Here we highlight in red those tasks that took longer for the same worker than an earlier task. This tells us that there are scheduling issues, and not just with the slowest workers.
Since the machines in our cluster are not all the same, we ask if the scheduling issues are related to particular machines. Here we inspect the execution timelines of all the workers on a given machine. We see that just a few machines are having problems meeting the deadline. Is there something special about these machines?
We dive into a particular machine to see what’s going on. We can see clearly that only one worker (second from the bottom at the right) is having scheduling issues, so it’s clearly not an issue of the specific machine.
Are there issues with the memory usage? We inspect the total VM memory consumption and free memory per worker. We see nothing too unusual.
Finally we can dive into the individual tasks. Here we can verify that indeed the problem is just with the scheduling. By updating the historical data of the time taken to run each test, we can better schedule the test runs and reduce the delays.
We were able to perform this analysis because we could turn every question into a cheap and lightweight tool that would let us transform the execution data into an explorable model of the test runs.
Mapping moldable development
At the bottom here we see a transition from fixed and rigid IDE tools to moldable tools that can be easily and cheaply extended with new behavior. I have only shown you some custom inspector views, but the idea applies just as well for search tools, quality advices, and even customizable debuggers.
At the next level we see how moldable tools are leveraged by moving from manual inspection to custom queries that we plug into the tools. We saw this when we browsed the slides of a slideshow or the recent changes of a git repo. Now, instead of manually cobbling together a view, we can easily obtain a view using the molded tools.
We can have “inside-out conversations” that emerge from exploring the system itself, instead of classical “outside-in” conversations that treat the software as a black box with inputs and outputs. This then allows us to spot risks and opportunities that are observable only inside a system, and to support quick decision making not only for developers, but also business stakeholders.
What lessons can we draw from all this?
Programming is Modeling
First, I would say, that “programming is modeling”.
This is not a new observation, but it can be interpreted in several different ways.

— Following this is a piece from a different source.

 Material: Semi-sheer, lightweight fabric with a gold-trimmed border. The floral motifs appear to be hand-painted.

I found the live programming approach of APL far more exhilarating than the plodding punchcard model of programming supported by FORTRAN, but both languages suffered from a very limited view of what a program is. It was just as hard to build a clean conceptual model in APL as it was in FORTRAN.

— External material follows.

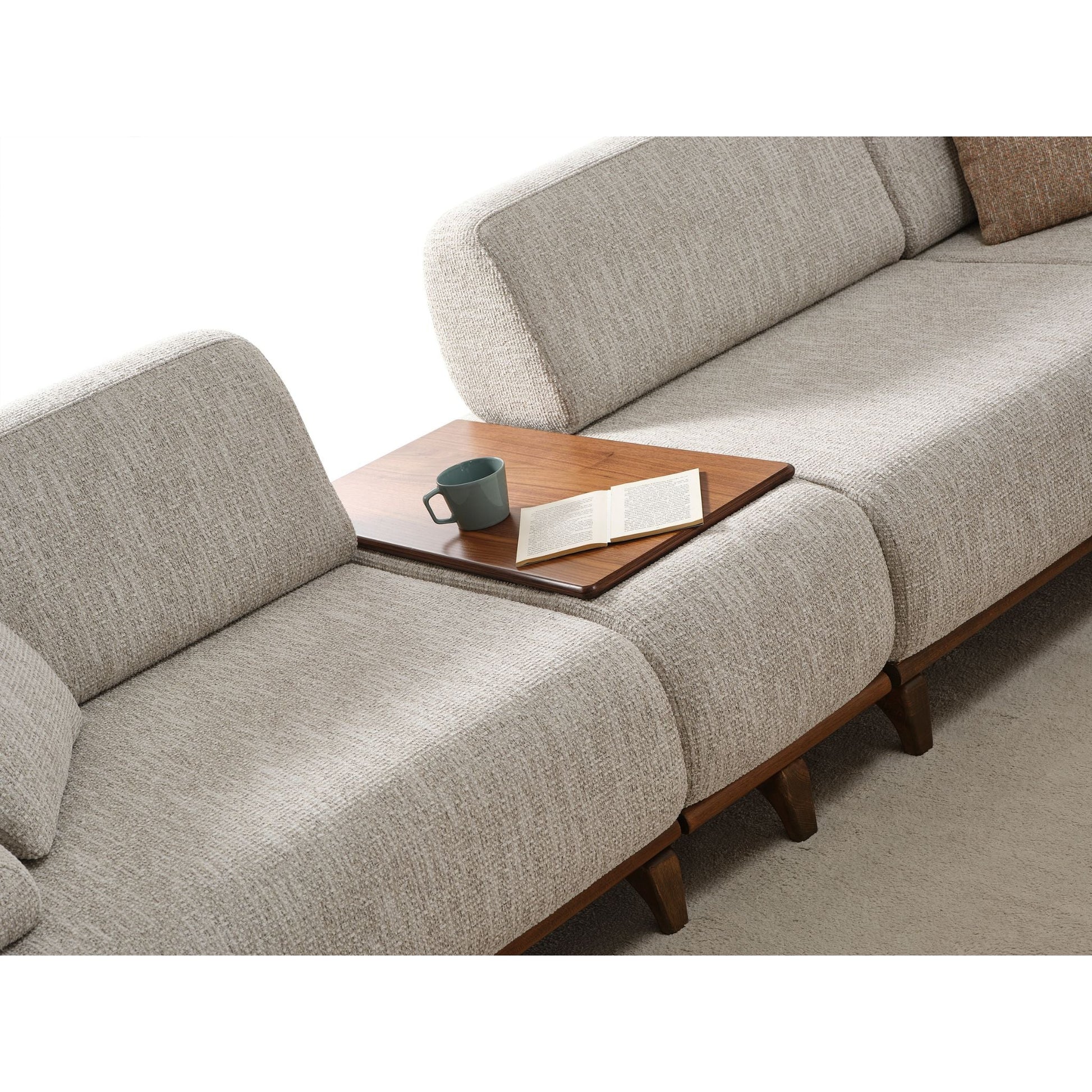 Optionale Holzelemente zwischen den Modulen – ideal als Ablagefläche für Getränke oder Deko

Object-oriented programming changed that by allowing not only the design but the domain model to be reflected in the code.
I am reminded of Bertrand Meyer’s observation that he could never understand the fascination with modeling notations and CASE tools when everything is there in the code. Then one day it hit him: “Bubbles and arrows don’t crash!”
In contrast to model-driven approaches, instead of generating code from models, perhaps we are better off generating views from the code.
Programming is Understanding
We can go further, however. Kristen Nygaard, one of the inventors of Simula, the first OO language, was apparently fond of saying “To program is to understand.” I would interpret that today as meaning that software is more than just source code. It can and should be seen as a living system can expresses knowledge about itself.
I would like to propose a new mantra, namely: “The software wants to talk to you.”
This means that instead of letting the IDE lock up software inside the prison of a text editor, it should enable the exploration, querying and analysis of live systems. Then, instead of having to head to Google, Stack Overflow or ChatGPT to answer questions about our software, we should be able to answer the questions we have with the help of the systems themselves.